季棠表现得尤其亢奋,一路上叽叽喳喳的在傅连云耳边说话。傅连云眼眶湿热,忽然有些感慨,同时又生出了无限恐惧,他怕季棠是回光返照,今天好转,明天就又是一副病殃殃的样了。
季棠显然没察觉到身旁的傅连云在掉眼泪,他的目光从大街上每个人身上掠过,最后在见到一只活蹦乱跳的小狗后停住了脚步。
这小狗的模样勾起了一件陈年往事。
那年季棠二十岁。傅连云和家里闹了别扭,在外边住了几天后觉得城市风景看腻了,想回乡下老家,他向来是个随性的,说走就走,好在乡下老房子一直有人看着,收拾的纤尘不染,两个老人见他回来了就又搬回自己家去了,如此一来只剩下他一个人,住了三天后他实在是孤独寂寞到难以忍受,简直是度日如年。
傅连云打电话叫了季棠,季棠是在两天后拖着一个行李箱来的。来之前他给季棠发了地址,然而在季棠上车的那一天傅连云还是不放心,怕季棠左拐右拐把自己拐丢了,一大早就穿好了衣裳去车站接他。
乡下的风景确实不错,傅连云和季棠的作息都变得规律了,不再彻夜不眠地玩乐,开启了早睡早起的日子。
有一天傅连云出门倒垃圾,人家说有个小狗崽,问傅连云要不要,傅连云第一反应是拒绝,然而没走两步他又反悔了,想着季棠最近有点无聊,养只狗陪陪也是不错。
季棠很惊喜,秉着爱屋及乌的原则,对这小狗爱护有加,整天陪着它玩,自己胳膊被咬出血也毫不在乎,欢喜得用脸颊去贴小狗的脸。
如此过了一个月,小狗越长越大,腰身粗得简直不忍直视,四条腿倒是生得笔直,比来到家里时大了两倍。
一双大圆眼珠直勾勾的盯着季棠,尾巴在身后摇成了螺旋桨,看得季棠心都要化了,恨不得日日夜夜抱着他睡觉。牙掉了没两天又生出新牙,季棠想着它近日的举动,去弄了点东西给它磨牙,谁知它整天抱着一块大骨头啃,见它实在喜爱,两人也不能从狗嘴里抢食,只能任它去。
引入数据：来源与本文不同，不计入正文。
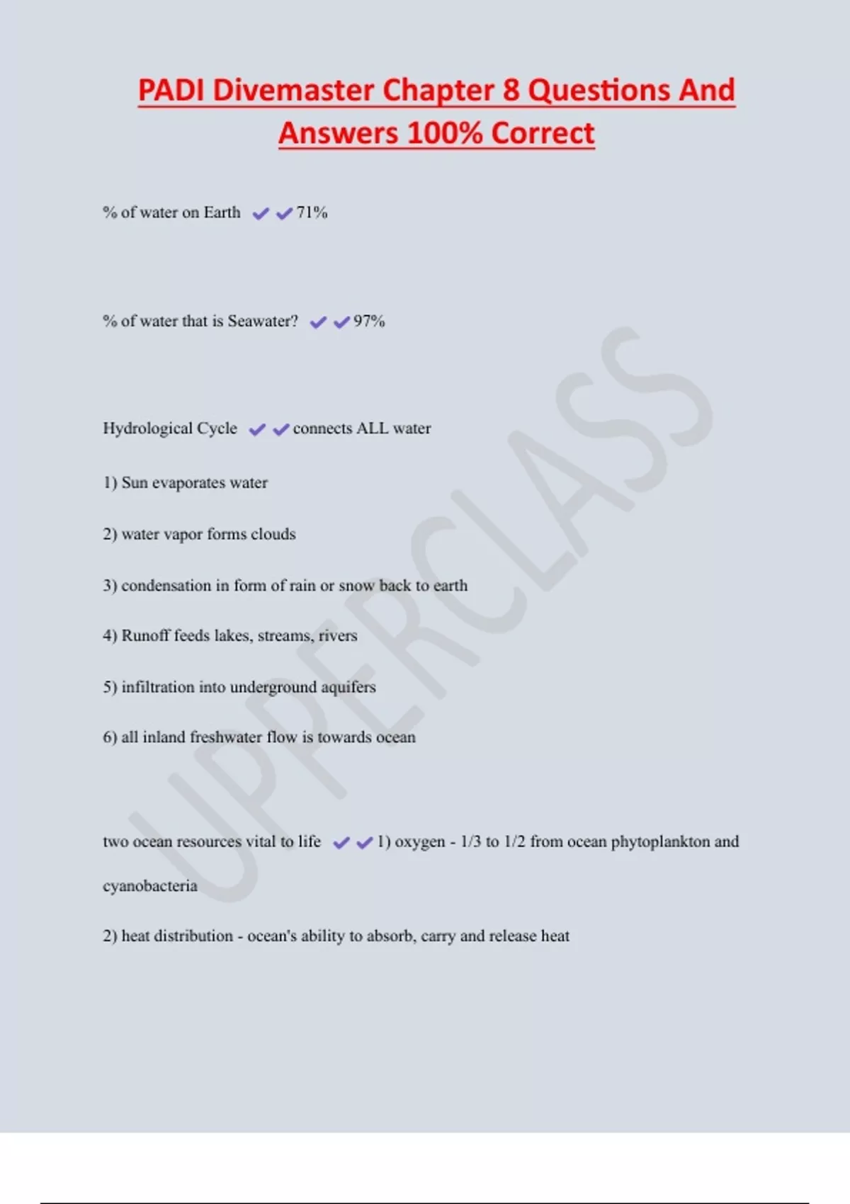 PADI Divemaster Chapter 8 Questions And Answers 100% Correct % of water on Earth 71% % of water that is Seawater? 97% Hydrological Cycle connects ALL water 1) Sun evaporates water 2) water vapor forms clouds 3) condensation in form of rain or snow back to earth 4) Runoff feeds lakes, streams, rivers 5) infiltration into underground aquifers 6) all inland freshwater flow is towards ocean
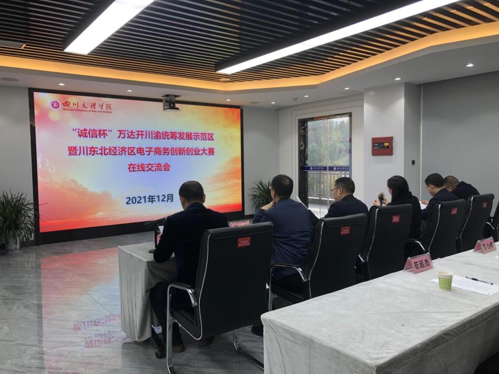 2021年12月13日,“诚信杯”万达开统筹示范区暨川东北经济区电子商务创新创业大赛在线交流会成功举办,会议由达州市商务局、ac米兰官网中文网站、中国人民银行达州市中心支行联合举办。由于疫情原因,本次交流会通过腾讯会议在线举行,来自万达开及川东北地区相关政府部门、高校、企事业单位、历届“诚信杯”大赛选手约200人参会。交流会在ac米兰莲湖校区设置达州分会场,ac米兰党委常委、副校长邓杰、达州市商务局副局长王大文、中国人民银行达州市中心支行党委委员、副行长何永川、达州银行股份有限公司副行长丁宁、达州农商银行股份有限公司党委委员、副行长靳能东等出席达州分会场。
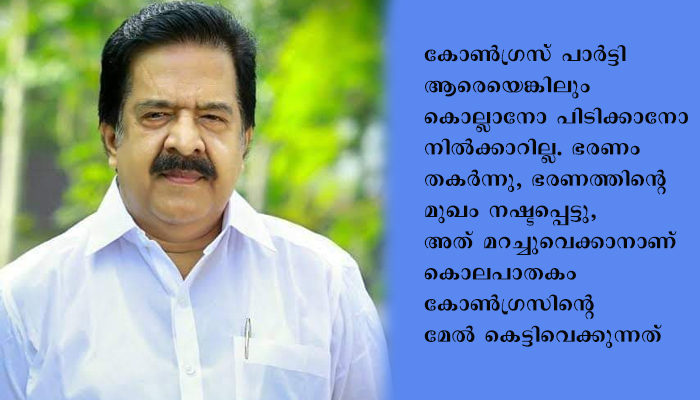 ‘കോണ്ഗ്രസ് പാര്ട്ടി ആരെയെങ്കിലും കൊല്ലാനോ പിടിക്കാനോ നില്ക്കാറില്ല. ഭരണം തകര്ന്നു, ഭരണത്തിന്റെ മുഖം നഷ്ടപ്പെട്ടു, അത് മറച്ചുവെക്കാനാണ് കൊലപാതകം കോണ്ഗ്രസിന്റെ മേല് കെട്ടിവെക്കുന്നത്. ഇതൊന്നും വിജയിക്കില്ല. ജനങ്ങള് വസ്തുത തിരിച്ചറിയും’ ചെന്നിത്തല മാധ്യമങ്ങളോട് പ്രതികരിച്ചു.
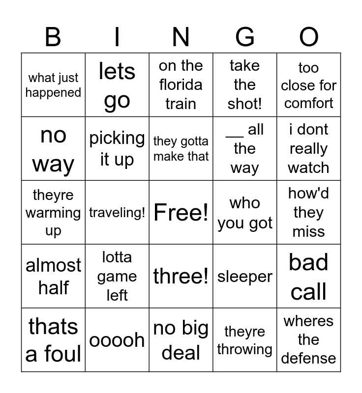 This bingo card has a free space and 24 words: lotta game left, ooooh, they gotta make that, thats a foul, too close for comfort, what just happened, no way, lets go, who you got, three!, __ all the way, theyre warming up, sleeper, bad call, picking it up, theyre throwing, how'd they miss, on the florida train, i dont really watch, traveling!, wheres the defense, almost half, take the shot! and no big deal.

有天晚上季棠高兴,就着菜吃了两大碗米饭,实在是撑得慌,坐着躺着都不舒服,便打算出门遛狗消食,在院子里找了一圈没找到,他猜测小狗可能是一不留神跑出去了。
季棠慢悠悠地在外转悠,走了十多分钟,正左看右看的找狗,谁料突听一阵狂吠,吓得他拔腿就跑,生怕自家小崽子被欺负,走近才发现不知道谁家公鹅跑了出来,一鹅一狗开始斗上了。
眼见自家小狗没眼力见地上前狂叫不止,季棠眼前一黑,他准备趁其不备伸出手就抱走,可余光瞥见公鹅摆出一副要把脖子抻出二里地的架势顿时生出几分胆怯,下手也找不到合适机会。
就这么观察了一会儿,见小狗偷溜到他脚下,季棠立刻弯腰抱着狗毫不犹豫地跑了回去,谁知道这鹅还穷追不舍,那脖子冲着季棠的腿就过来了,吓得季棠不敢回头去看,一口气死命狂奔到家里。熟悉的环境让他不自觉地放松下来,壮着胆子往后瞅一眼,见那鹅不知道什么时候放弃了追逐,视线内没有它的身影,这才把心放回肚子里。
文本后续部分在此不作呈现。